#### PROVIDED MATERIAL ####
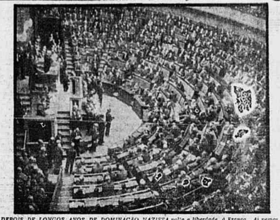
DEPOIS DE LONGOS ANOS DE DOMINACAO NAZISTA volta a liberdade a França. Ai vemos o sessão de instalação de sua Assembleia Constituinte, com o recinto completamente cheio.
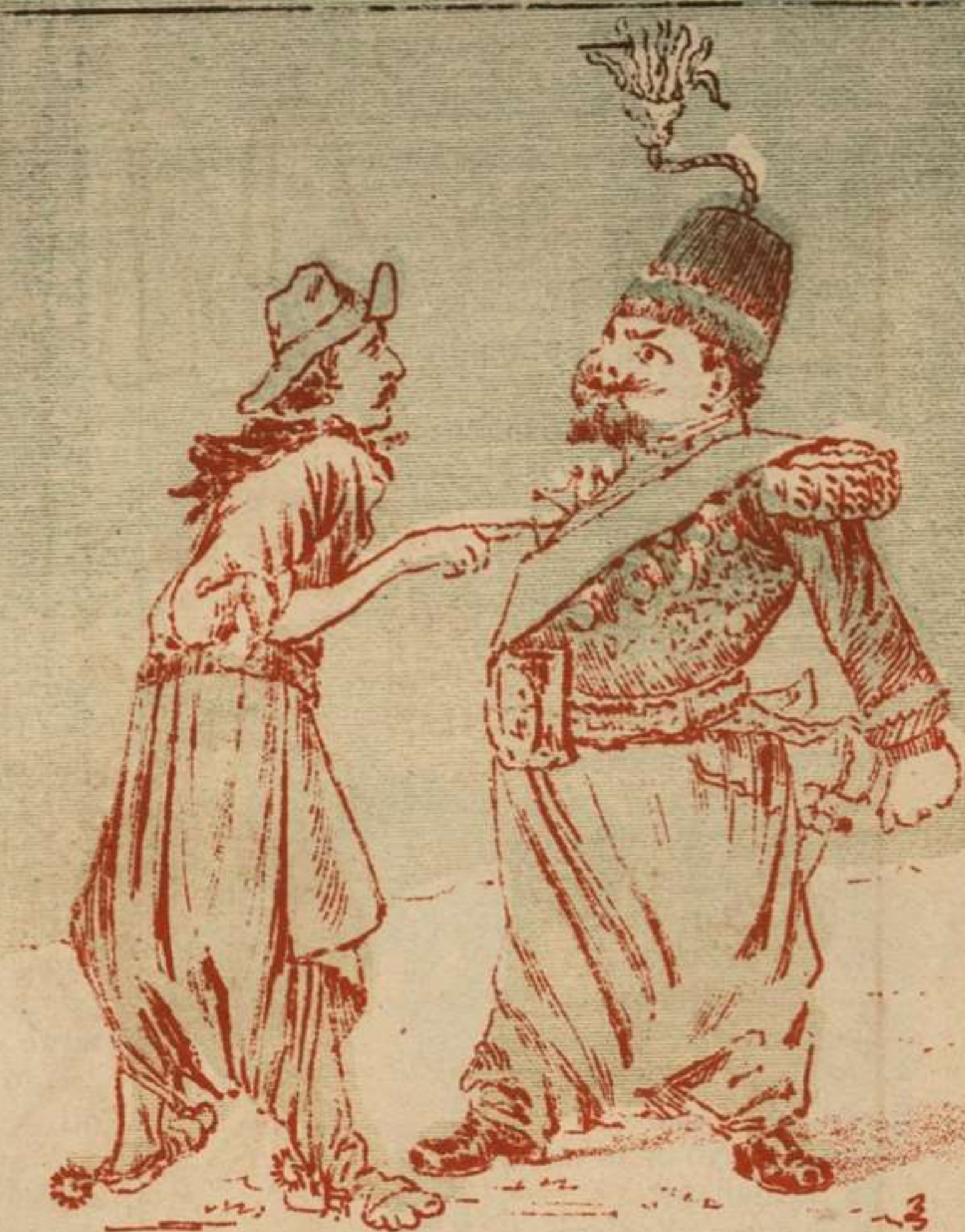
Eso sí, como nunca falta alguien que no esté al cabo de los usos de la «haute» francesa, dió con un criollo que le dijo: «¡Ah tigre! Poco «chapeao» se ha venido. Diga, ¿Vende estas latas? Lo que le hizo exclamar para sí: «¡Oh mon Dieu! «Chapeao»? Si le habrá gustado «non chapeau!»
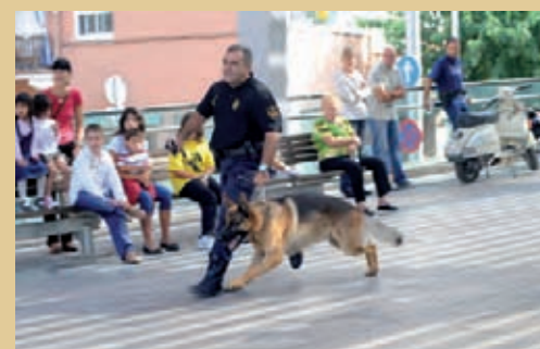
2009. Exhibició de la unitat canina.
####
WHAT THE TASK REQUIRES: Return the listing above in full and unaltered. Keep the pictures out.

WRITTEN REPLY:
DEPOIS DE LONGOS ANOS DE DOMINACAO NAZISTA volta a liberdade a França. Ai vemos o sessão de instalação de sua Assembleia Constituinte, com o recinto completamente cheio.
Eso sí, como nunca falta alguien que no esté al cabo de los usos de la «haute» francesa, dió con un criollo que le dijo: «¡Ah tigre! Poco «chapeao» se ha venido. Diga, ¿Vende estas latas? Lo que le hizo exclamar para sí: «¡Oh mon Dieu! «Chapeao»? Si le habrá gustado «non chapeau!»
2009. Exhibició de la unitat canina.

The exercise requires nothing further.